Companies do it too. Instead of paying for what they are buying, they pay their outstanding bill to be about to order more things.

@GwynHannay @rbreich

According to the maxim.

If you owe the bank 100 $ it's your problem.
If you owe the bank 1,000,000 $ it's their problem.

@antipode77 @rbreich Yep, I heard that one when Trump was president and it came out how much money he owes. šŸ˜›
@GwynHannay @rbreich reminds me how some celebrities get everything for free when they can easily pay. Yet someone not far away can’t pay for their next meal.

@rbreich Great vid. I have long had a related question for economists…

I am familiar with the disconnect between median incomes and productivity. What I always wonder about is that some or much of that labor productivity is the result of investment by the laborers: money and opportunity cost spent on education, smartphone plans, healthcare, etc.

If these are taken into account it seems that the the picture could be even worse than we see here, with the after-investment median income growth negative, and the benefit going straight to the owners.

This seems like something that economists could and should quantify, but I’ve never found this issue addressed with data.

@rbreich I thought this was Hide the Pain Harold
@rbreich When you've bought everything, there's nothing left to spend money on.
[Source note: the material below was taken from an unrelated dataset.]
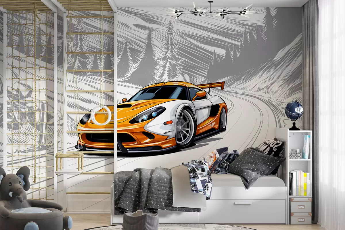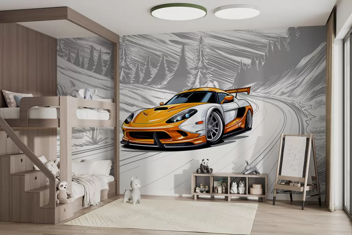 Fototapeten Ein orangefarbener Sportwagen auf einem grauen, skizzenhaften Straßenhintergrund zwischen Bergen und Tannen. Zur Dekoration eines Jungenzimmers N° w00954

@rbreich Every dollar in the "Wall Street" system is a dollar no longer in the economy.

This is why the feds keep issuing debt, because if they didn't, the rich would have taken every dollar that has ever existed.

The fact that all of that money can disappear in an instant? We're cursed - too many generations away from 1929, just like we're too many generations away from polio and measles before the vaccines.

they're both against the safety tools because they forgot why we made them.

@jwsgeek @rbreich

Yes.

Effectively there are 2 economies.
. Main Street - Ever less money is circulating here.
. Wall Street - Ever more money is circulating here.

The 2 economies are separated from each other. Their indicators don't match with each other.

I consider the Wall Street economy to be a parasite living off its host the Main Street economy.

Once it has killed Main Street then it has killed its host and guess what ?

@rbreich

Money is like blood. Cut the blood supply off and limbs die off.

Communities die when money does not circulate sufficiently locally.

@rbreich as long as the Poor's could have a house to sell, why should the rich invest their money in bringing balance into the system?

By the way: why should someone own more than two homes anyway?

@rbreich @dr_jo_mue learned this year after not getting a tax refund, if you want write offs, you buy houses

I don’t wanna play these games

@Luci_brennacolleen @rbreich exactly.

All houses are paid within 15 years.

Privately owned houses: by the owner with all his expendables, to own in the end -in fact: a house

Investor owned houses: by the tennant with his (slightly lower) rental fee, thus generating the owner a revenue through massive write-offs, which only commercially owned properties provide. Leaving the tennant in the end with nothing and the investor... With a house. Horray.

That has to stop.

@rbreich the flow of money in the USA for the last 100 years or so is nicely documented in the 2011 documentary The Flaw.

The conclusions at the end are very similar to your comments.

@rbreich Indeed. In a consumption based society, it's in everybody's interest to ensure everyone has money to spend. Making the poor poorer seems dumb. The rich have everything they want, the poor don't.